> **WHAT IS EXPECTED**
Copy the entries exactly. Leave out any pictures.

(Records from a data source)
----------------------------------------

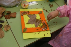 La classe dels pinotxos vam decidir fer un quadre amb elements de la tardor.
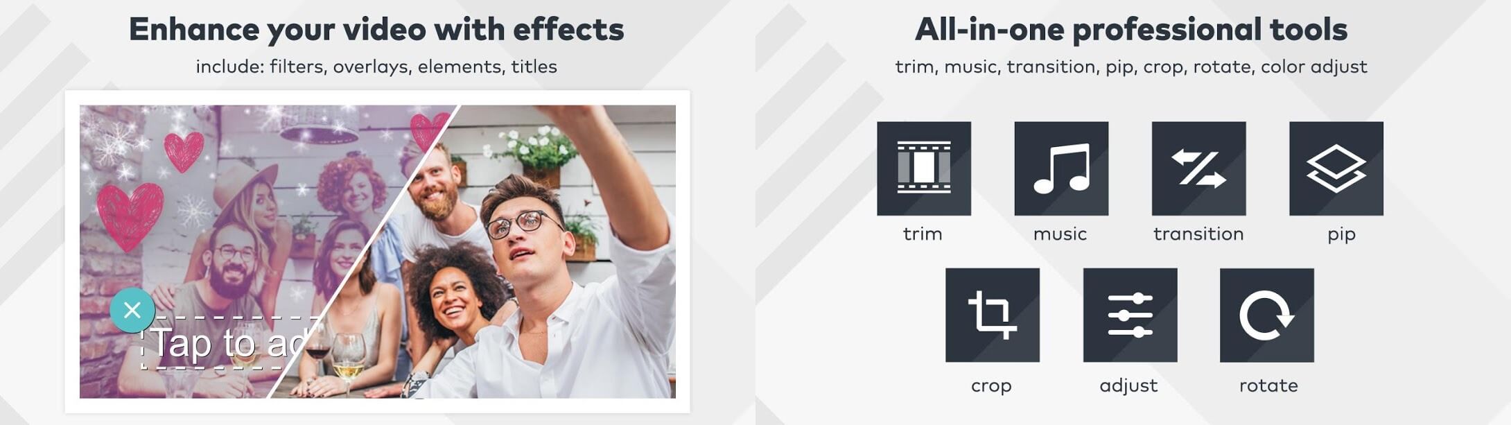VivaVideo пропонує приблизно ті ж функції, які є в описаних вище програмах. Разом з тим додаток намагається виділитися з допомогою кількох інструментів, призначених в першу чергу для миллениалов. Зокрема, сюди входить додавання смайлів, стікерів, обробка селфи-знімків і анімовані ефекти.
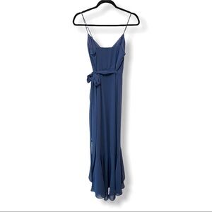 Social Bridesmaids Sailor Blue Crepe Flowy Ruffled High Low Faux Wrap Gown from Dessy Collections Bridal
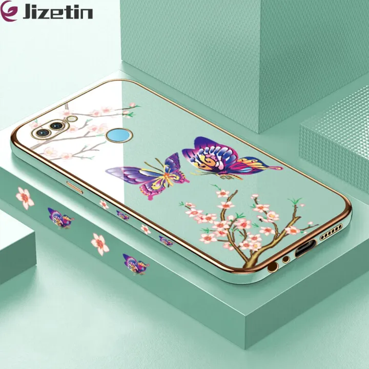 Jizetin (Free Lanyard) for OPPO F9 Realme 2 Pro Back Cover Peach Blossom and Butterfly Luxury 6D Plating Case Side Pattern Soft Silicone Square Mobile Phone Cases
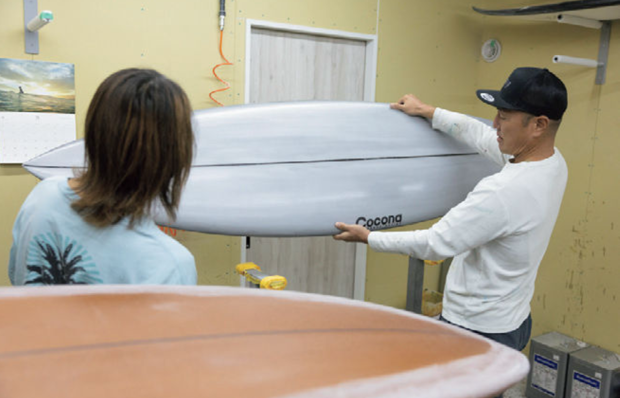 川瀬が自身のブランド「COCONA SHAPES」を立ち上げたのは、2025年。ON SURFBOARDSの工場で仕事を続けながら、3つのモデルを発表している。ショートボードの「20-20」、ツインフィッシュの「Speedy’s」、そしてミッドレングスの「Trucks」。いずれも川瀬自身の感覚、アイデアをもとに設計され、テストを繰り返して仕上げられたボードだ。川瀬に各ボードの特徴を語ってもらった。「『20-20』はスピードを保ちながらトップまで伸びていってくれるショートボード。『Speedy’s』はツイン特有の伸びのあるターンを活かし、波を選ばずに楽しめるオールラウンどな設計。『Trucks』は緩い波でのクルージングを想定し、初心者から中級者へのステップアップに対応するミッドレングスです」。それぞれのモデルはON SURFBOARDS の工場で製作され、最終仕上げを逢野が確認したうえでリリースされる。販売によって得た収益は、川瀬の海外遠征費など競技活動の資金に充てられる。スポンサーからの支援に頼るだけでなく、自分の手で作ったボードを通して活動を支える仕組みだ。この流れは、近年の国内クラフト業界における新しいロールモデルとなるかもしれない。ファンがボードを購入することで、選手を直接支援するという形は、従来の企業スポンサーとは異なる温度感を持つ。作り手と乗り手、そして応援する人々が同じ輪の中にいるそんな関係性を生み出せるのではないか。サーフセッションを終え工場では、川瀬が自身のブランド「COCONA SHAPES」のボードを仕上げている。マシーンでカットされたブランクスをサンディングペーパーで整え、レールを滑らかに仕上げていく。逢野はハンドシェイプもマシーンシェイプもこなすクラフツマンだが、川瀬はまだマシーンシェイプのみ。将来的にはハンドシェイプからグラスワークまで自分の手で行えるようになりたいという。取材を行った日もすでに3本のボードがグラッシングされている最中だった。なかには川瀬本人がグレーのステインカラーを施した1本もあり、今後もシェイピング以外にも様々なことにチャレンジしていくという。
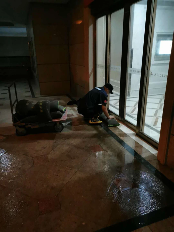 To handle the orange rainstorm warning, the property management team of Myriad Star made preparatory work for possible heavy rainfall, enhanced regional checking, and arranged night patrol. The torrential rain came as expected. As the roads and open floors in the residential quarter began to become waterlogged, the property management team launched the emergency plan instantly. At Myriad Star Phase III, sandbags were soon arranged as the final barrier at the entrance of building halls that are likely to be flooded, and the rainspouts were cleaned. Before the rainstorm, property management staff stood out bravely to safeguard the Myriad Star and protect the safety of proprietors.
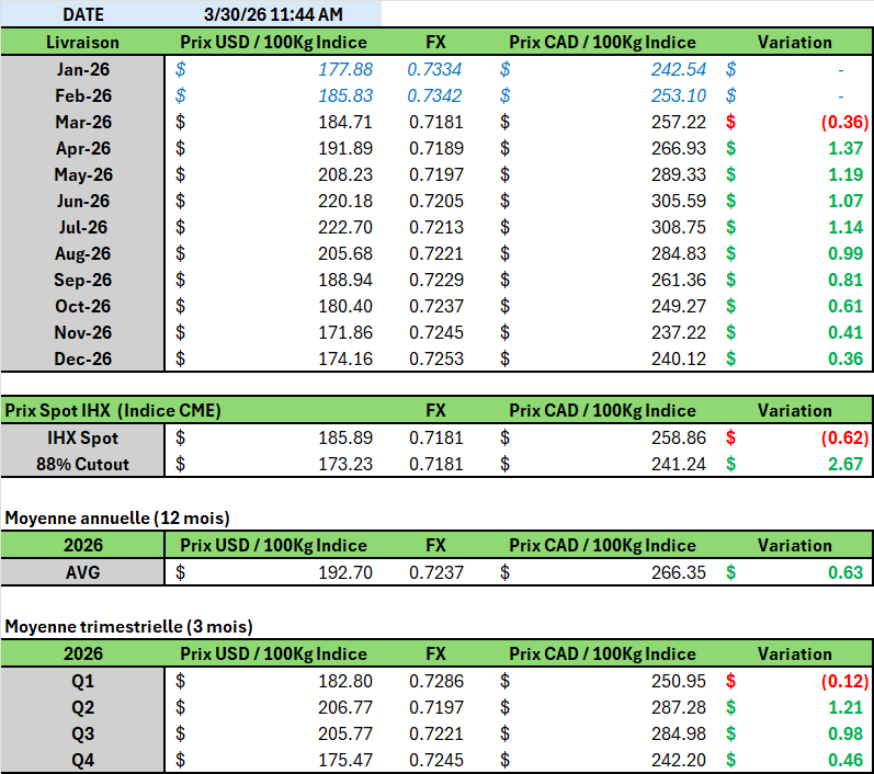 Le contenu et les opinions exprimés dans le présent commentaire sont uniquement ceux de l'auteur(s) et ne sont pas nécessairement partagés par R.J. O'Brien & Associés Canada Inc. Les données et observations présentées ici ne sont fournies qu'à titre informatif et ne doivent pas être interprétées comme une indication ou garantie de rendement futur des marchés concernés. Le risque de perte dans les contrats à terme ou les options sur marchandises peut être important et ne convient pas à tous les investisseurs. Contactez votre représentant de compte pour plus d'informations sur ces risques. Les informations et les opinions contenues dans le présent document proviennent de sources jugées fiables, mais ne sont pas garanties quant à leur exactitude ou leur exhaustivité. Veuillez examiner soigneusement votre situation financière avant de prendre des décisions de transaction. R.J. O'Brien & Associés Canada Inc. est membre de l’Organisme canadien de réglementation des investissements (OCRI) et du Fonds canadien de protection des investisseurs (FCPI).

----------------------------------------

> **ANSWER FOR THIS EXERCISE**
 La classe dels pinotxos vam decidir fer un quadre amb elements de la tardor.
VivaVideo пропонує приблизно ті ж функції, які є в описаних вище програмах. Разом з тим додаток намагається виділитися з допомогою кількох інструментів, призначених в першу чергу для миллениалов. Зокрема, сюди входить додавання смайлів, стікерів, обробка селфи-знімків і анімовані ефекти.
 Social Bridesmaids Sailor Blue Crepe Flowy Ruffled High Low Faux Wrap Gown from Dessy Collections Bridal
 Jizetin (Free Lanyard) for OPPO F9 Realme 2 Pro Back Cover Peach Blossom and Butterfly Luxury 6D Plating Case Side Pattern Soft Silicone Square Mobile Phone Cases
 川瀬が自身のブランド「COCONA SHAPES」を立ち上げたのは、2025年。ON SURFBOARDSの工場で仕事を続けながら、3つのモデルを発表している。ショートボードの「20-20」、ツインフィッシュの「Speedy’s」、そしてミッドレングスの「Trucks」。いずれも川瀬自身の感覚、アイデアをもとに設計され、テストを繰り返して仕上げられたボードだ。川瀬に各ボードの特徴を語ってもらった。「『20-20』はスピードを保ちながらトップまで伸びていってくれるショートボード。『Speedy’s』はツイン特有の伸びのあるターンを活かし、波を選ばずに楽しめるオールラウンどな設計。『Trucks』は緩い波でのクルージングを想定し、初心者から中級者へのステップアップに対応するミッドレングスです」。それぞれのモデルはON SURFBOARDS の工場で製作され、最終仕上げを逢野が確認したうえでリリースされる。販売によって得た収益は、川瀬の海外遠征費など競技活動の資金に充てられる。スポンサーからの支援に頼るだけでなく、自分の手で作ったボードを通して活動を支える仕組みだ。この流れは、近年の国内クラフト業界における新しいロールモデルとなるかもしれない。ファンがボードを購入することで、選手を直接支援するという形は、従来の企業スポンサーとは異なる温度感を持つ。作り手と乗り手、そして応援する人々が同じ輪の中にいるそんな関係性を生み出せるのではないか。サーフセッションを終え工場では、川瀬が自身のブランド「COCONA SHAPES」のボードを仕上げている。マシーンでカットされたブランクスをサンディングペーパーで整え、レールを滑らかに仕上げていく。逢野はハンドシェイプもマシーンシェイプもこなすクラフツマンだが、川瀬はまだマシーンシェイプのみ。将来的にはハンドシェイプからグラスワークまで自分の手で行えるようになりたいという。取材を行った日もすでに3本のボードがグラッシングされている最中だった。なかには川瀬本人がグレーのステインカラーを施した1本もあり、今後もシェイピング以外にも様々なことにチャレンジしていくという。
 To handle the orange rainstorm warning, the property management team of Myriad Star made preparatory work for possible heavy rainfall, enhanced regional checking, and arranged night patrol. The torrential rain came as expected. As the roads and open floors in the residential quarter began to become waterlogged, the property management team launched the emergency plan instantly. At Myriad Star Phase III, sandbags were soon arranged as the final barrier at the entrance of building halls that are likely to be flooded, and the rainspouts were cleaned. Before the rainstorm, property management staff stood out bravely to safeguard the Myriad Star and protect the safety of proprietors.
 Le contenu et les opinions exprimés dans le présent commentaire sont uniquement ceux de l'auteur(s) et ne sont pas nécessairement partagés par R.J. O'Brien & Associés Canada Inc. Les données et observations présentées ici ne sont fournies qu'à titre informatif et ne doivent pas être interprétées comme une indication ou garantie de rendement futur des marchés concernés. Le risque de perte dans les contrats à terme ou les options sur marchandises peut être important et ne convient pas à tous les investisseurs. Contactez votre représentant de compte pour plus d'informations sur ces risques. Les informations et les opinions contenues dans le présent document proviennent de sources jugées fiables, mais ne sont pas garanties quant à leur exactitude ou leur exhaustivité. Veuillez examiner soigneusement votre situation financière avant de prendre des décisions de transaction. R.J. O'Brien & Associés Canada Inc. est membre de l’Organisme canadien de réglementation des investissements (OCRI) et du Fonds canadien de protection des investisseurs (FCPI).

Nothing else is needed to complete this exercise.